Have leftover wonton wrappers and craving something sweet. Chocolate or apple filling?
Photo from Show Me Your Heart.
I’ll never forget:
- Seeing Marcus come on stage to perform with Dawes. I’m not proud of the hysterical fangirl squeel/scream I made when he first appeared. I didn’t know I could make that sound. I was mentally prepared to see them when they were officially announced, but was caught off guard by seeing him early with Dawes.
- Being such a sobbing, cathartic mess after half the songs that I couldn’t even clap or cheer.
- How much our campsite ROCKED. We lucked out, big time.
- The physical exhaustion, hunger, and sunburn that was all worth it.
- Timshel. No one thought they’d play it. I just about died when they did.
- To the girl on extasy whose flailing arms continuously blocked my mumfview and who mistakenly thought “Timshel” was good rave music, fuck you.
- To the 4 tallest people at the concert who squeezed in front of us right when M&S took the stage, fuck you.
- To the sun that refused to set, fuck you.
- To Ben Lovett, for DJing “The Fresh Prince of Bel-Air” theme song at the after party, less than 10 feet from me, rock on.
- To the woman who I’m 99% sure was Lovett’s girlfriend, whom I happened to be standing behind: When you walked off, he kept looking over to see if you were back yet and would meet my awkward fangirl gaze instead, so thanks for enabling a stalk WIN.

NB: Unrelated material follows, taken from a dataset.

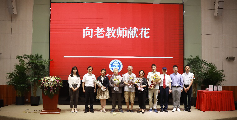 随后,来自翻译学院毕业生吴晓、在校生代表陈语斐、教师代表陈宇翔分别发言,送共同祝愿学院的事业蒸蒸日上。祝朝伟副校长带领学院师生为退休老教师献花。

- To my boyfriend who said we should switch phones so I’d have a smartphone with which to take pics at the concert or afterparty, you were right. Bummer I didn’t listen.
- To the taco vendor lady who let me buy plain tomatoes from her under the table, thanks, you rock.

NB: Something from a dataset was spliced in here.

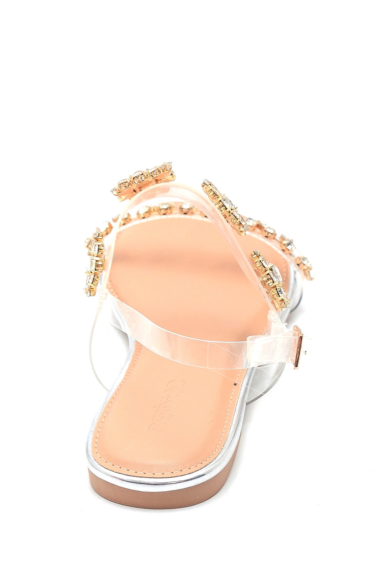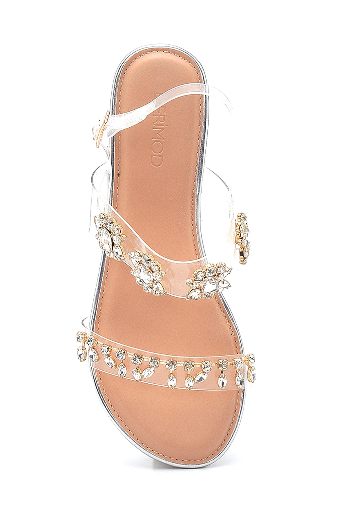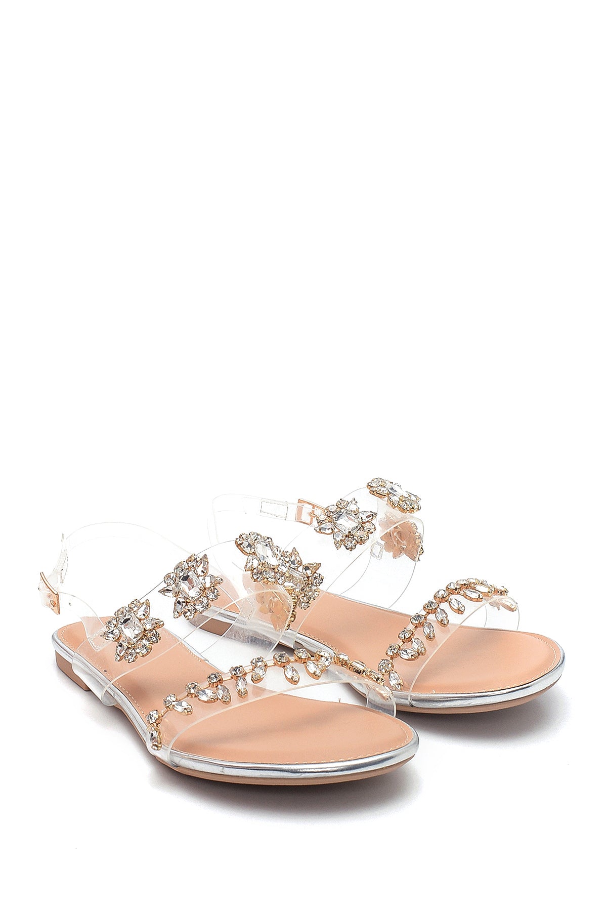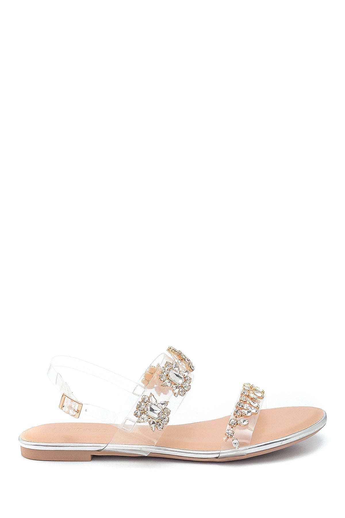 Derimod’un Zarif ve Şıklığı bir arada sunan Kadın Gümüş Şeffaf Taş Detaylı Sandalet ile tarzınızı konuşturun. Ürünün kodu: 20SFE1818PV GR

- To the vendor(s) who let me steal meltey ice water from the tubs to refill my bottle, thanks.
- To the meltey ice water germs, thanks for being cool and not killing me.
- To all the people who lent sunscreen, thanks.
- To the shuttle bus driver that drove us all the way back to our campsite when we forgot our after-party passes, you rock.
- To the solar system, for providing a meteor shower Saturday night—as if it could get any more epic, thanks.
- And finally, to plaid, for being the official sponsor of the Gentlemen of the Road Tour, thanks. Without your support, 60% of the audience and performers might actually have to wear solids.